-- Opening Marker --

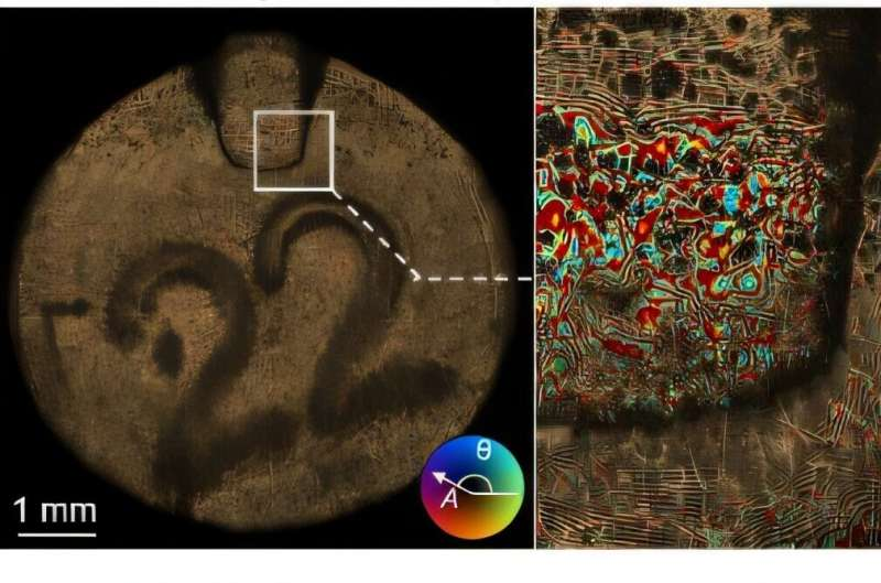 示例:由 MASI 成像的子弹弹壳 上图:捕获到的复数电场包含振幅(亮度)与相位(色彩)信息。 下图:利用这些数据在数值上恢复三维结构,精细到微米级,显示击针印记——可将弹壳与特定枪匹配的唯一标记。 图:康涅狄格州立大学
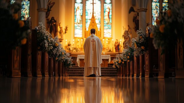 Priest praying in the church
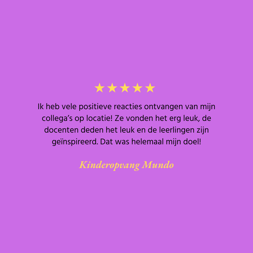 In korte tijd hebben we mooie reacties ontvangen van alle groepen waarmee we hebben gewerkt. Op deze pagina vind je een selectie van reviews die een goed beeld geven van de ervaringen van onze deelnemers.
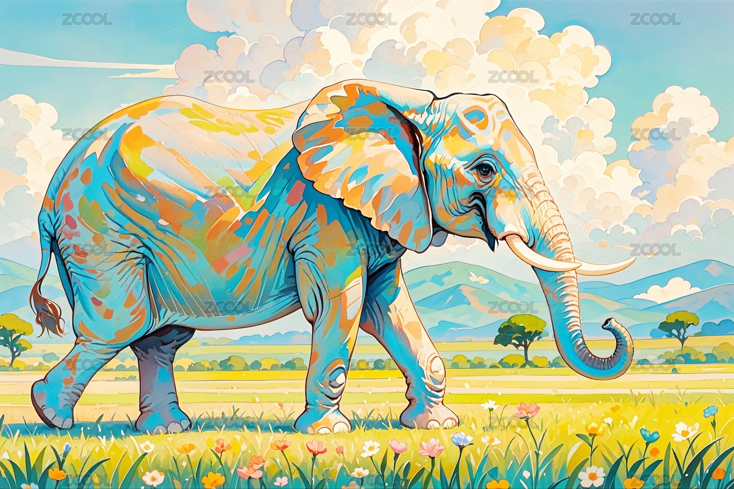 非洲草原大象风景动物油画世界油画风景油画印象派油画
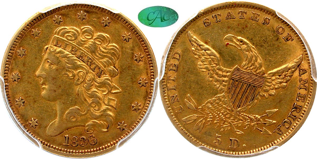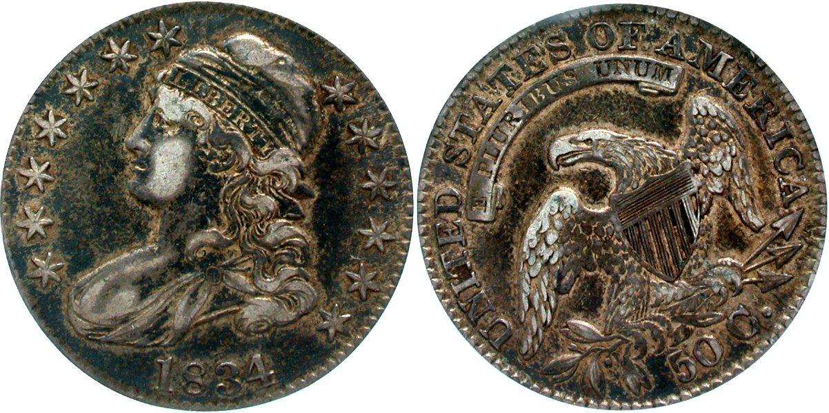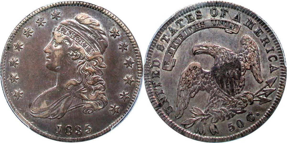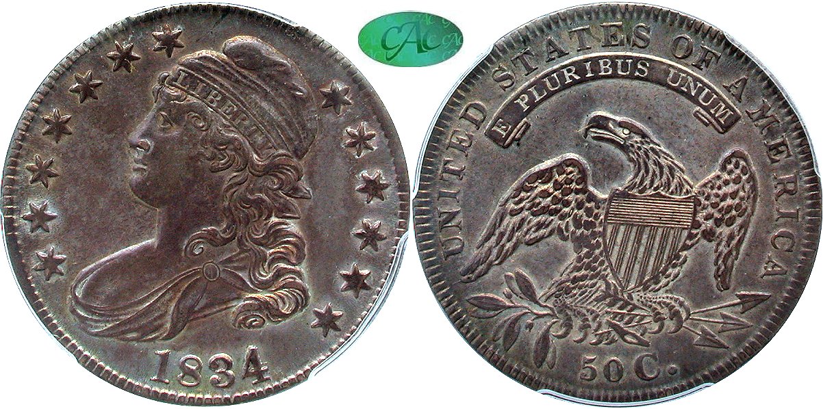 1834 Sm Date, Sm Let PCGS AU50 50C       1834 Lg Date, Lg Let PCGS EF40 50C               1835 O-11x PCGS EF45 50C

-- Closing Marker --

> Exercise: Output the records above as they stand, from the first line to the line with "非洲草原大象风景动物油画世界油画风景油画印象派油画", inclusive, and exclude the pictures.

> Result of this exercise:
 示例:由 MASI 成像的子弹弹壳 上图:捕获到的复数电场包含振幅(亮度)与相位(色彩)信息。 下图:利用这些数据在数值上恢复三维结构,精细到微米级,显示击针印记——可将弹壳与特定枪匹配的唯一标记。 图:康涅狄格州立大学
 Priest praying in the church
 In korte tijd hebben we mooie reacties ontvangen van alle groepen waarmee we hebben gewerkt. Op deze pagina vind je een selectie van reviews die een goed beeld geven van de ervaringen van onze deelnemers.
 非洲草原大象风景动物油画世界油画风景油画印象派油画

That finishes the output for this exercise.